(What is needed): Each record below is to be output unchanged, and any picture is to be dropped.

[[ Exercise data open ]]

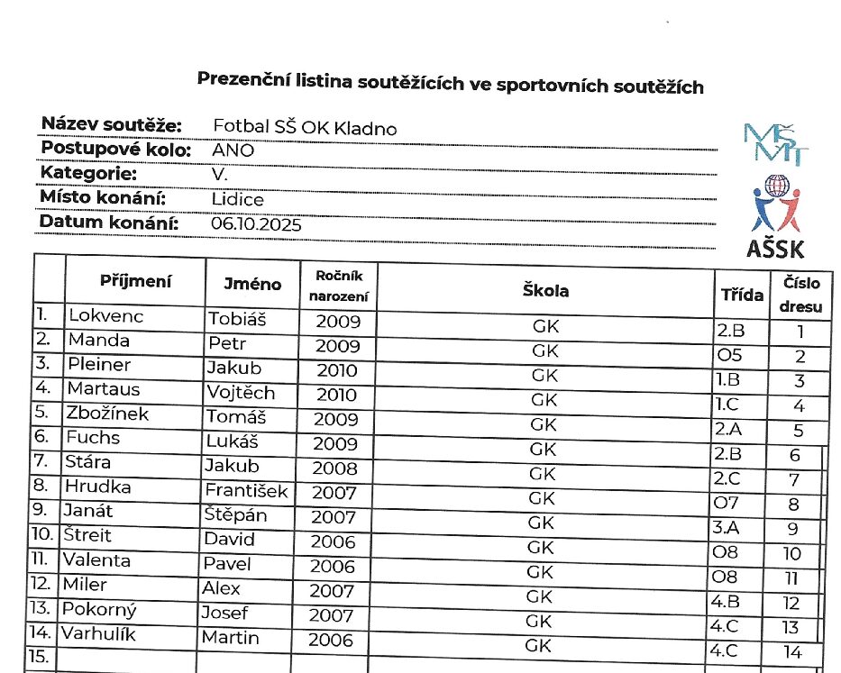 Všem hráčům děkuji za reprezentaci školy, soupisku můžete nalézt v galerii.
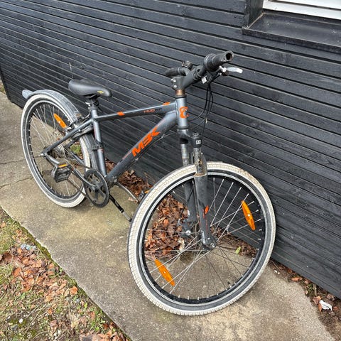 Har synlige brugsspor. Sædet er slidt, låsen er slidt og håndbremsen er slidt, men den cykler og virker derudover som den skal.
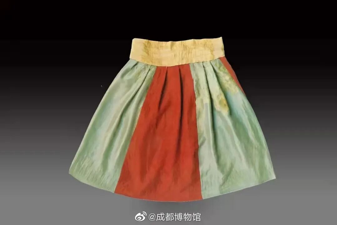 也许是因为把裙子露了出来,交窬裙的颜色也变得多样起来,像上面这这条文物复原款间色裙就是使用了大胆的红绿撞色,上襦则是紫色,又端庄又时髦。
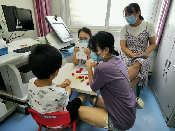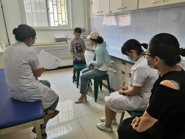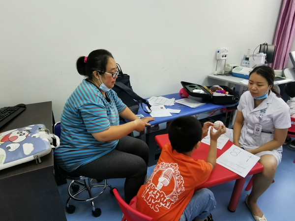 此次評估工作由鄭州市康復(fù)醫(yī)院專家和中原區(qū)育智學(xué)校教師組成評估小組,在鄭州市康復(fù)醫(yī)院進行入學(xué)前評估。家長首先填寫殘疾兒童教育評估安置意見表,然后由評估小組進行初步評估,針對每個孩子的具體情況,康復(fù)專家進一步為殘疾兒童進行對應(yīng)項目的專業(yè)評估,如發(fā)育、智力、語言、構(gòu)音、結(jié)構(gòu)化評估。
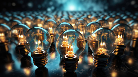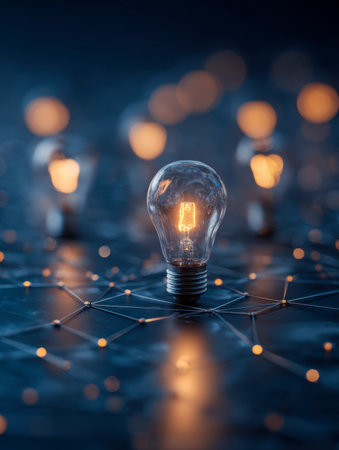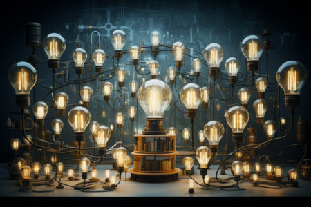 Bright light bulbs connected in a web, lighting up a dark space and symbolizing the synergy of creativity and business growth.
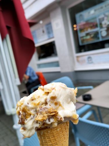 Po poledni nás už začal dohánět dešťový mrak a bohužel jsme museli zahučet do zmrzlinové manufaktury, než se to přežene. Kluci byli rychlejší, tak jim nezbylo nic jiného, než se spokojit s obyčejnou pekárnou... No, řeknu vám, že jsem chytla totálního nerva z budoucnosti! Objednat jsme si museli online přes QR kód a zaplatit paypalem! Platba nefungovala, paní zrzlinářka protočila panenky a problém vyřešila rychlostí blesku. Jestli mají být v budoucnosti všechny občerstvovací zařízení bez automatů s vlasama, tak chci včas umřít, abych se toho nedožila. Zrovna v kavárnách dělá personál duši lokálu. Nechápu to.
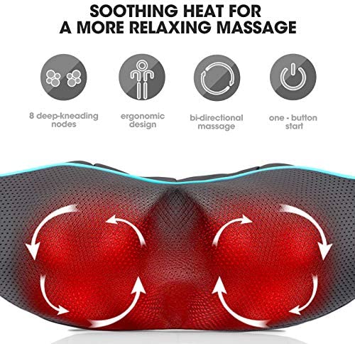 HEATING FUNCTION & ADJUSTABLE INTENSITY – This neck massager pad has 3 speed strength levels, which allow you to get the right and appropriate amount of pressure to relieve your muscle pain. The heating function with the back massager further massage fatigued muscles and reduce stress. Overheating protection and 15 minutes auto shut-off function guarantee you a safe massage journey. It can also be turned off manually
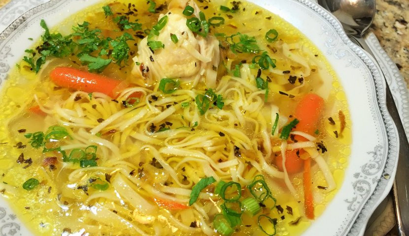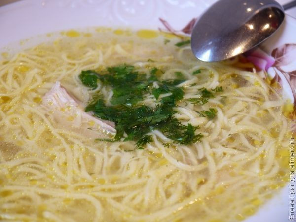 Суп по-домашнему с курицей и яичной лапшой и чесноком
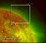 This movie shows an M-class flare, after which the eastern part of the filament (in the projection, roughly a third of its length) is gone and a bright arcade develops at the site of the flare. A massive coronal wave is triggered by this event (see my previous annotations). Yes, the western part of the filament (roughly 2/3rds in the plane of sky) do not seem to care. At all. The structure in the highlighted box does not change the shape _at_all_ in responce to all the changes around it and does not even _wiggle_ in the duration of this movie.
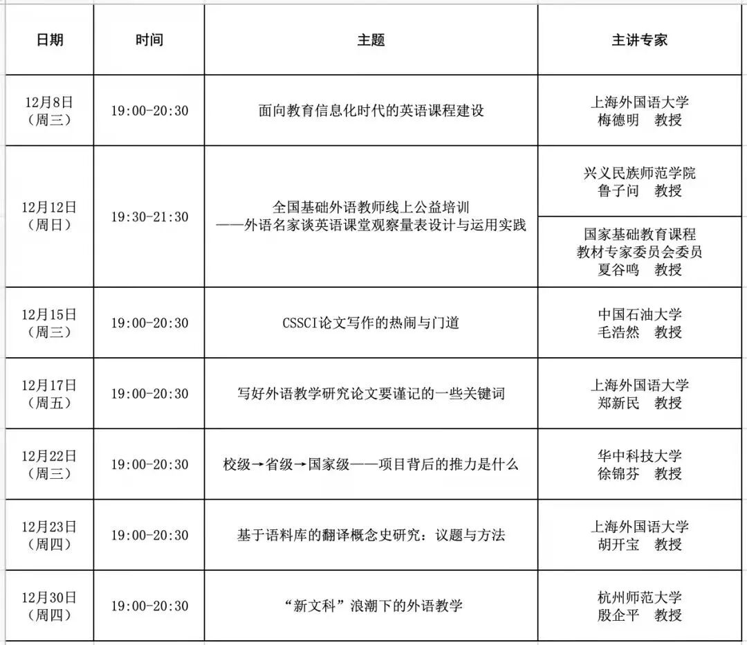 主讲专家:胡开宝教授、毛浩然教授、许明武教授等

[[ Exercise data closed ]]

(Problem solution):
 Všem hráčům děkuji za reprezentaci školy, soupisku můžete nalézt v galerii.
 Har synlige brugsspor. Sædet er slidt, låsen er slidt og håndbremsen er slidt, men den cykler og virker derudover som den skal.
 也许是因为把裙子露了出来,交窬裙的颜色也变得多样起来,像上面这这条文物复原款间色裙就是使用了大胆的红绿撞色,上襦则是紫色,又端庄又时髦。
 此次評估工作由鄭州市康復(fù)醫(yī)院專家和中原區(qū)育智學(xué)校教師組成評估小組,在鄭州市康復(fù)醫(yī)院進行入學(xué)前評估。家長首先填寫殘疾兒童教育評估安置意見表,然后由評估小組進行初步評估,針對每個孩子的具體情況,康復(fù)專家進一步為殘疾兒童進行對應(yīng)項目的專業(yè)評估,如發(fā)育、智力、語言、構(gòu)音、結(jié)構(gòu)化評估。
 Bright light bulbs connected in a web, lighting up a dark space and symbolizing the synergy of creativity and business growth.
 Po poledni nás už začal dohánět dešťový mrak a bohužel jsme museli zahučet do zmrzlinové manufaktury, než se to přežene. Kluci byli rychlejší, tak jim nezbylo nic jiného, než se spokojit s obyčejnou pekárnou... No, řeknu vám, že jsem chytla totálního nerva z budoucnosti! Objednat jsme si museli online přes QR kód a zaplatit paypalem! Platba nefungovala, paní zrzlinářka protočila panenky a problém vyřešila rychlostí blesku. Jestli mají být v budoucnosti všechny občerstvovací zařízení bez automatů s vlasama, tak chci včas umřít, abych se toho nedožila. Zrovna v kavárnách dělá personál duši lokálu. Nechápu to.
 HEATING FUNCTION & ADJUSTABLE INTENSITY – This neck massager pad has 3 speed strength levels, which allow you to get the right and appropriate amount of pressure to relieve your muscle pain. The heating function with the back massager further massage fatigued muscles and reduce stress. Overheating protection and 15 minutes auto shut-off function guarantee you a safe massage journey. It can also be turned off manually
 Суп по-домашнему с курицей и яичной лапшой и чесноком
 This movie shows an M-class flare, after which the eastern part of the filament (in the projection, roughly a third of its length) is gone and a bright arcade develops at the site of the flare. A massive coronal wave is triggered by this event (see my previous annotations). Yes, the western part of the filament (roughly 2/3rds in the plane of sky) do not seem to care. At all. The structure in the highlighted box does not change the shape _at_all_ in responce to all the changes around it and does not even _wiggle_ in the duration of this movie.
 主讲专家:胡开宝教授、毛浩然教授、许明武教授等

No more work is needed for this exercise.